In particular, sales at Tiffany’s Flagship store on Fifth Avenue in New York declined a whopping 14% year-over-year. The store sits right next to Trump Tower, and has been blocked in some way or form, with large numbers of protesters gathered outside, since the election of President Trump.

A Carat-Sized Comeback

A CEO departure never has the best timing for a company, and Cumenal’s abrupt leave casts a long shadow on not just its Super Bowl ad, featuring none other than Lady Gaga, but also one of its key holiday sales periods, Valentine’s Day. The ad introduces a new jewelry line that looks to be more edgy than Tiffany’s typically classic pieces of jewelry.

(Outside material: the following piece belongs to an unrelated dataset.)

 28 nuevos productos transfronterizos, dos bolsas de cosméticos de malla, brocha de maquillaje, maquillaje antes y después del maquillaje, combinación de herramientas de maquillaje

What Tiffany needs to do is to take a leap of faith like its new ad star did, whose new album Joanne and acclaimed Super Bowl Halftime performance helped jumpstart a stagnating music career. Maybe that means embracing new types of customers like the LBGTQ community and single women, who are, more and more, buying luxury jewelry for themselves. There’s also huge demand for men’s jewelry, watches, and accessories, and while Tiffany does have a large selection of men’s items, the company could certainly offer more luxurious every day options.

Tiffany would also see no harm in boosting its e-commerce presence, since online sales as a percentage of overall revenue haven’t grown in three years, notes Bloomberg. Maybe this means partnering with Amazon (AMZN - Free Report) with special deals on delivery during key holiday seasons like Thanksgiving-New Year’s, Valentine’s Day, Memorial Day, Labor Day, etc.

If Tiffany continues to post little growth going forward, investors shouldn’t be surprised if more management turnover at the company comes as a result. But if they committ to some change, Tiffany has a chance at being a jewelry leader once again.